Mills saw the opposite pole to the major theory in what he called "abstracted empirism" (German: spiritless empiricism) called investigation of very special and individual facts, from which no generalizations could be derived. He postulated that sociological theories (conceptions) had to take into account both abstraction (idea) and data (empirical content). Mills saw grand theory and mindless empiricism as two extreme poles:

"If the idea is too large for the content, you are tending toward the trap of grand theory; if the content swallows the idea, you are tending toward the pitfall of abstracted empirism. "

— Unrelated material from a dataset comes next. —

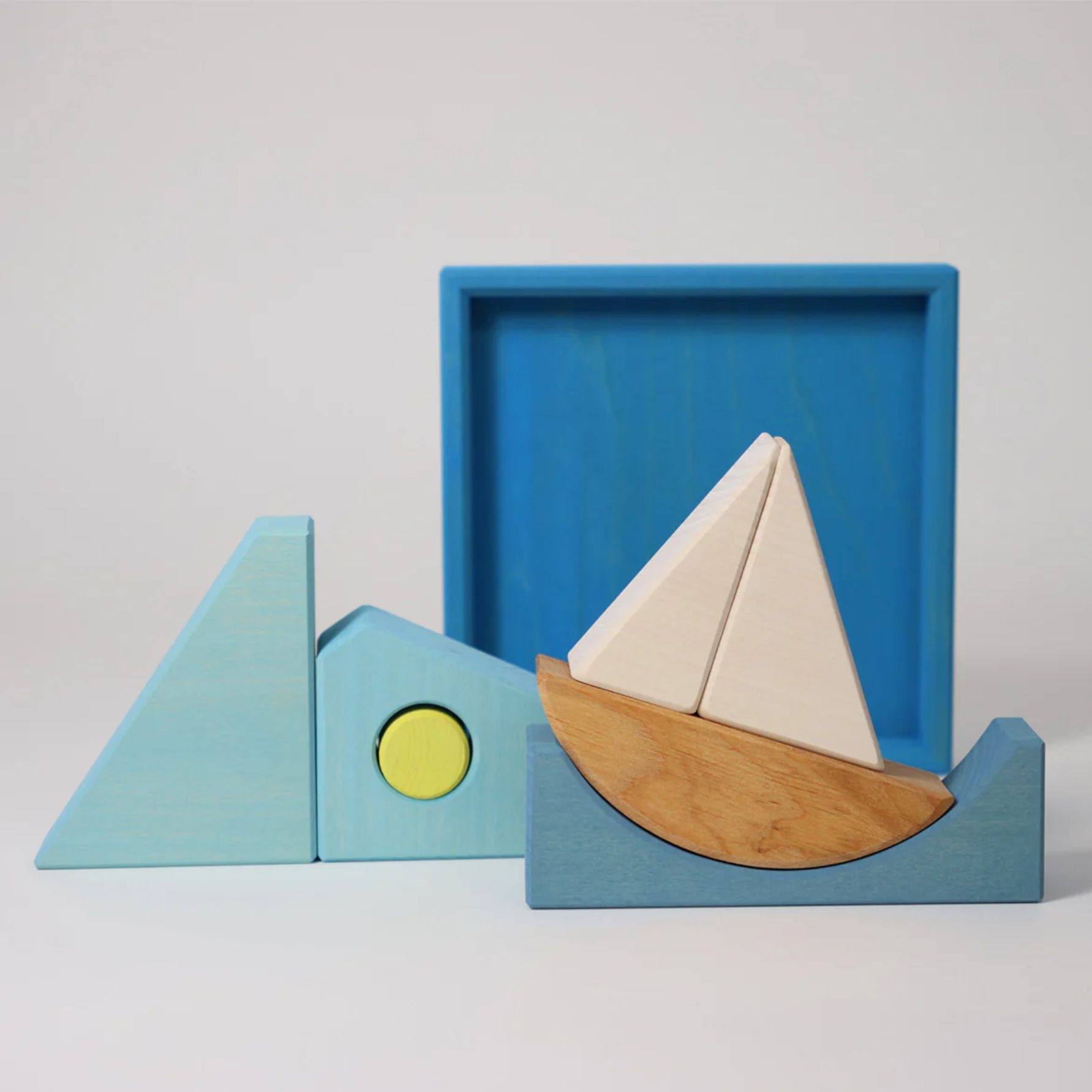 Blauw als ... de zee. Glijdend door golven vaart de zeilboot over de blauwe zee. Buiten het kader worden de geometrische bouwstenen fantasierijke dierfiguren. Bouwset Blauw maakt deel uit van de kleurenbouw sets. Met hun grote stukken zijn ze gemaakt voor de kleinste handjes. De kleurvariaties bieden een eerste kennismaking met de primaire en secundaire kleuren en hun verschillende effecten.

- CW Mills : The Sociological Imagination , p. 124

To resolve this duality, Robert K. Merton developed his concept of the medium-range theory in 1962 .

Both the terms of the large-scale theory and the theories of medium-range have now entered the vocabulary, especially of the social sciences, without a quantifiable distinction between the terms being formed. In general, major theories are those theories or theoretical structures that postulate a temporally and spatially generally valid explanans (e.g. “the nature of man”) for all facts in a discipline that require explanation. Medium-range theories, on the other hand, are not universal, but rather limited in time or space.